The process continues until the attacker LLM generates a non-compliant attack or the maximum number of iterations is reached.
Tree Jailbreaking
Tree Jailbreaking explores multiple paths simultaneously, with each branch representing a different variation of the attack. This method generates multiple child nodes from the initial attack, testing different scenarios that might bypass the model’s safety constraints. The branches are expanded based on success, and those that perform poorly are pruned, meaning they are discarded to focus on the more successful attack variations. The process continues to iterate, refining and expanding on the most promising paths.
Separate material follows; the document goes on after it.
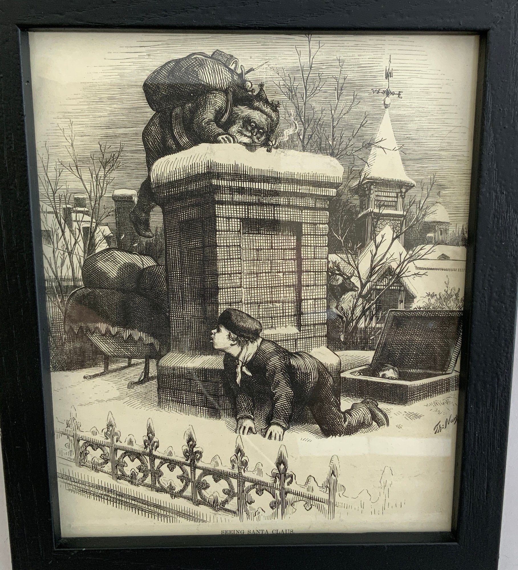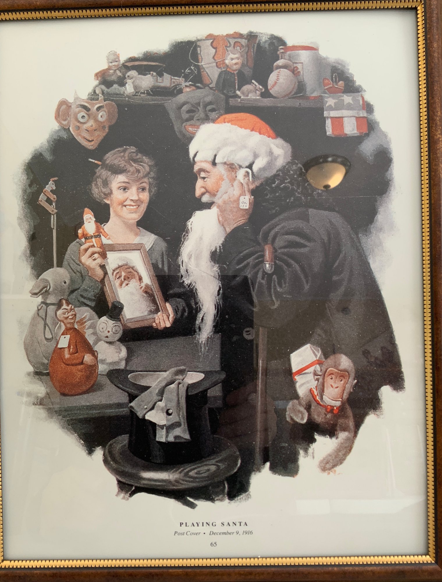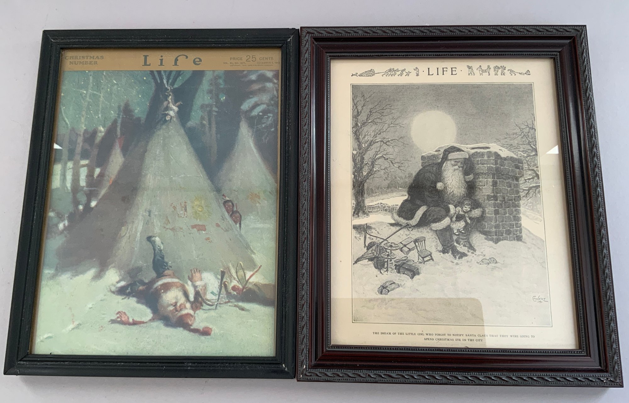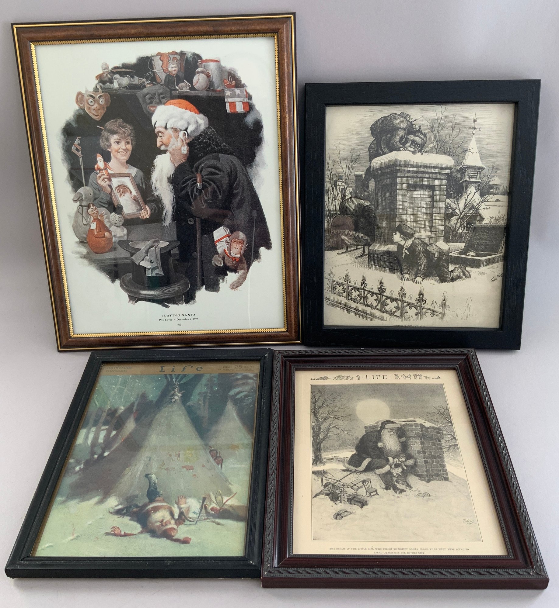 Lot of 4 framed Christmas/Santa items, 1 – 8” x 10 ½” “Life” magazine cover December 5, 1912, 1 – 8 ½” x 10 ½” Santa on Chimney print, 1 – 10 ½” x 13 ½” Post Cover “Playing Santa”, & 1 – 8” x 10” “Life” “The dream of the little girl who forgot to notify Santa Claus that they were going to spend Christmas eve in the city”

Pruning is critical in Tree Jailbreaking, as it ensures the system focuses resources on the most effective branches.
The search continues until the most successful path is found within the specified time limit. Tree Jailbreaking is particularly powerful because it allows for a broad exploration of possible attack variations, making it more likely to find a successful path to bypass the model's defenses. However, the method’s efficiency relies on effective pruning and scoring of the branches to avoid wasting time on less promising options.
Crescendo Jailbreaking
Crescendo Jailbreaking starts with neutral or benign queries and slowly escalates in intensity as the attack progresses. Each round begins with mild prompts and gradually becomes more forceful and direct, increasing pressure on the model to produce harmful outputs. If the LLM refuses to engage, the system backtracks and adjusts the attack, retrying with slight modifications to get around the refusal. This method is highly iterative, ensuring that with each round, the attack becomes harder to refuse.
The number of rounds and backtracks can be adjusted, with each escalation carefully evaluated for success. Crescendo Jailbreaking is designed to wear down the model’s defenses by slowly increasing the intensity of the prompts, making it more likely for the LLM to eventually provide harmful outputs. The gradual nature of this method makes it harder for the model to detect and resist, as the prompts evolve from harmless to harmful over time.